**What to produce**
Transcribe only the lines in the data below falling between the line with "通過智能中控系統(tǒng)" and the line with "3月20日,在太原市阳曲农投", including those two lines, and leave out any picture.

___ Supplied data ___

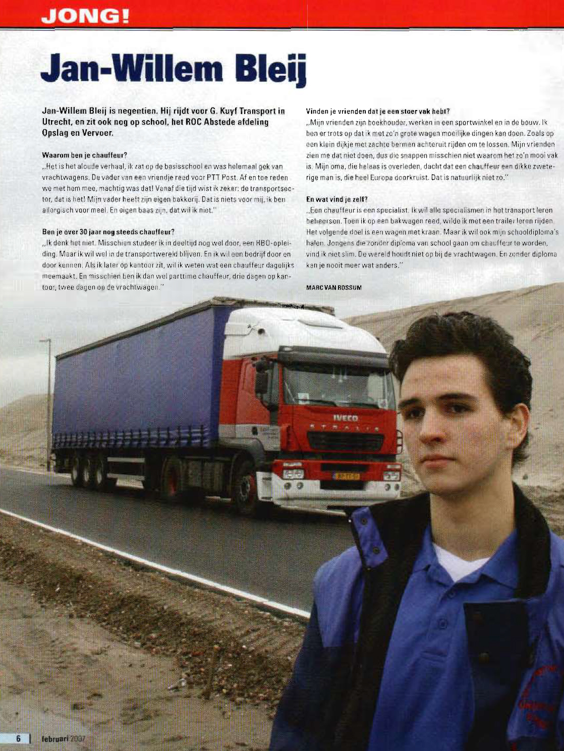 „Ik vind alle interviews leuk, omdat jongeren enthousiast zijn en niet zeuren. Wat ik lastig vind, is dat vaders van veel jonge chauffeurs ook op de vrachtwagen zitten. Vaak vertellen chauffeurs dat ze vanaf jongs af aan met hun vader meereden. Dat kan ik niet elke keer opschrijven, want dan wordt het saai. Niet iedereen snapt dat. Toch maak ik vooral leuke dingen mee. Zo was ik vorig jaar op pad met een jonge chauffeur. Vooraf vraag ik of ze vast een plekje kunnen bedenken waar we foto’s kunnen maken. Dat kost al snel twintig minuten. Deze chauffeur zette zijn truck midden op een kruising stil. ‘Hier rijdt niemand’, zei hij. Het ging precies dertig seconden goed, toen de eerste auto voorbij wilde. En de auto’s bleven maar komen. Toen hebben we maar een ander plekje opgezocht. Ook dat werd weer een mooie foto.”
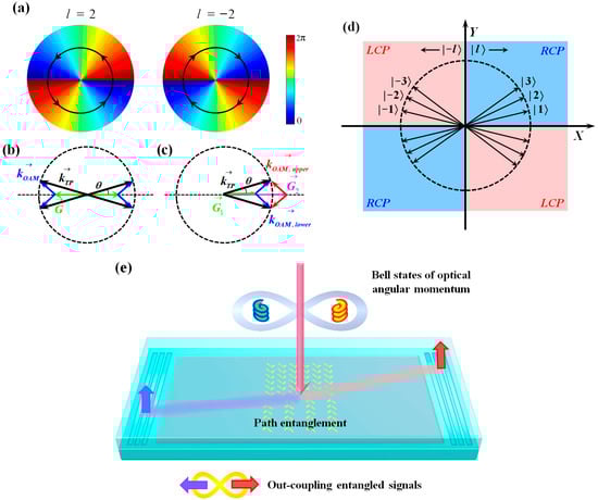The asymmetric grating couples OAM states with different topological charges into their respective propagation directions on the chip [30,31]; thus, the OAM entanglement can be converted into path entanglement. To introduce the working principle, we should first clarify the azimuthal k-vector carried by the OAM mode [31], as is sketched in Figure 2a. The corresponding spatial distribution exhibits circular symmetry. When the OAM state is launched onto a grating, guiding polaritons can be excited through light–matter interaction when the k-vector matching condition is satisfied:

___
___ Supplied data ___

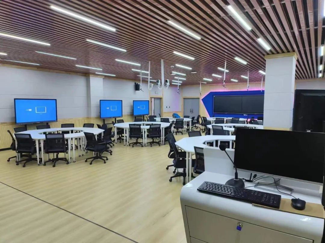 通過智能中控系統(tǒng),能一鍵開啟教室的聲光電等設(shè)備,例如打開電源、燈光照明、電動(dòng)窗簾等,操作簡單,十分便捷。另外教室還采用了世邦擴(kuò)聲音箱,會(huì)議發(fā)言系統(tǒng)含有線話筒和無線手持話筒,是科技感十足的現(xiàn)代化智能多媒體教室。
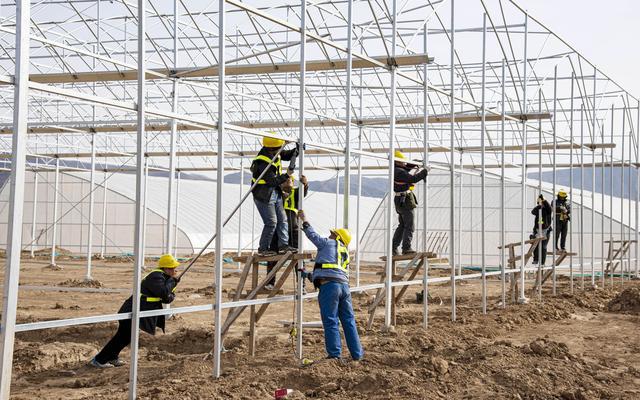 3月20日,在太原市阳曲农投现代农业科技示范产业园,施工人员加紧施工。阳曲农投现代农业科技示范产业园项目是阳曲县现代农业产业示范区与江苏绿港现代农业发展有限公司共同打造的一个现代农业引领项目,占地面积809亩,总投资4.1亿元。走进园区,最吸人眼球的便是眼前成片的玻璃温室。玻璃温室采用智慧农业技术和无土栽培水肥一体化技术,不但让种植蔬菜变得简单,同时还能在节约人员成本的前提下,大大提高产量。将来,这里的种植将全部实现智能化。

___
___ Supplied data ___

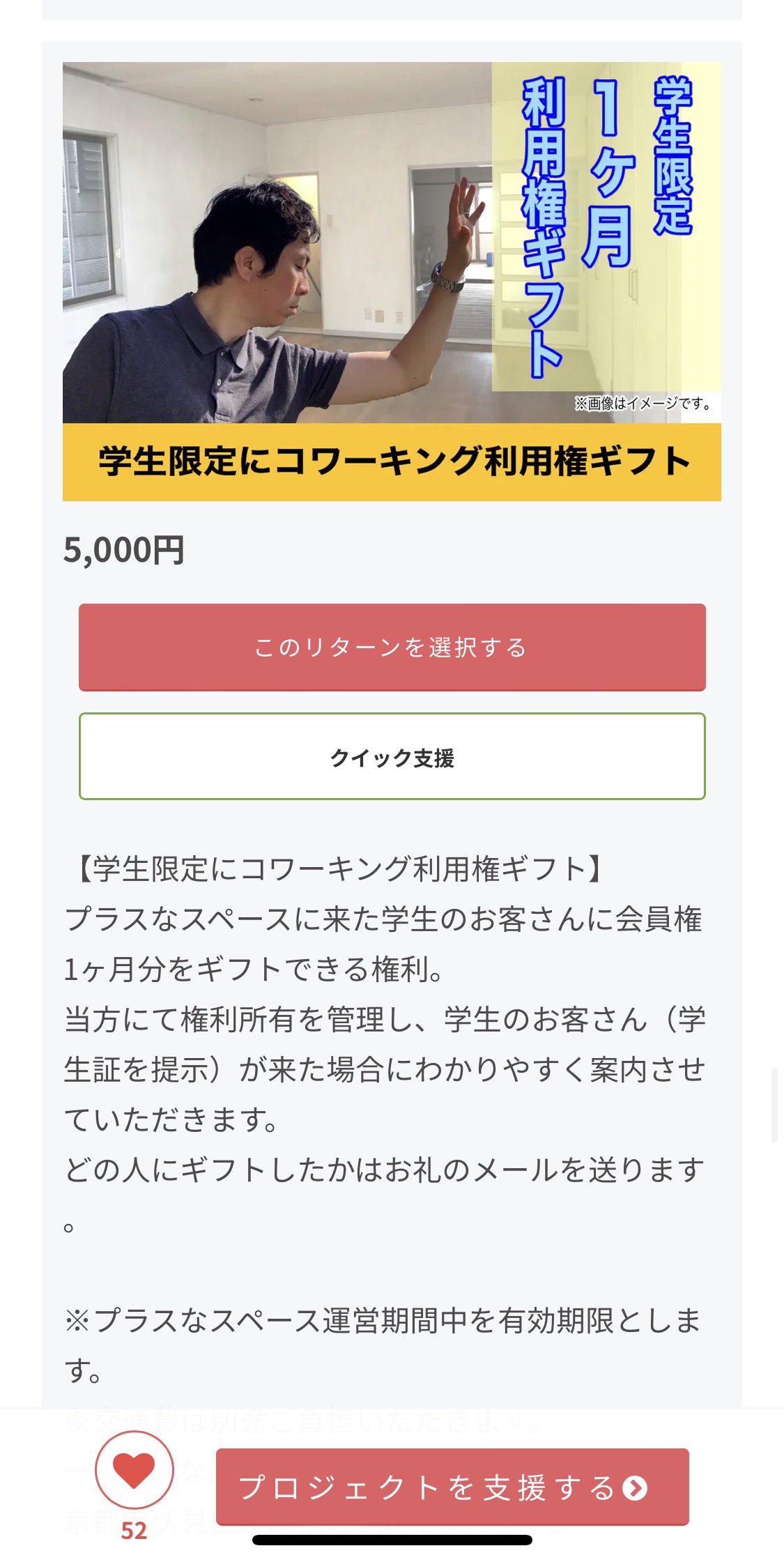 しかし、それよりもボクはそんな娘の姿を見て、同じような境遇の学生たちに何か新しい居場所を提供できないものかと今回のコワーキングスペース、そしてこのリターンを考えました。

___

**Solution**
 通過智能中控系統(tǒng),能一鍵開啟教室的聲光電等設(shè)備,例如打開電源、燈光照明、電動(dòng)窗簾等,操作簡單,十分便捷。另外教室還采用了世邦擴(kuò)聲音箱,會(huì)議發(fā)言系統(tǒng)含有線話筒和無線手持話筒,是科技感十足的現(xiàn)代化智能多媒體教室。
 3月20日,在太原市阳曲农投现代农业科技示范产业园,施工人员加紧施工。阳曲农投现代农业科技示范产业园项目是阳曲县现代农业产业示范区与江苏绿港现代农业发展有限公司共同打造的一个现代农业引领项目,占地面积809亩,总投资4.1亿元。走进园区,最吸人眼球的便是眼前成片的玻璃温室。玻璃温室采用智慧农业技术和无土栽培水肥一体化技术,不但让种植蔬菜变得简单,同时还能在节约人员成本的前提下,大大提高产量。将来,这里的种植将全部实现智能化。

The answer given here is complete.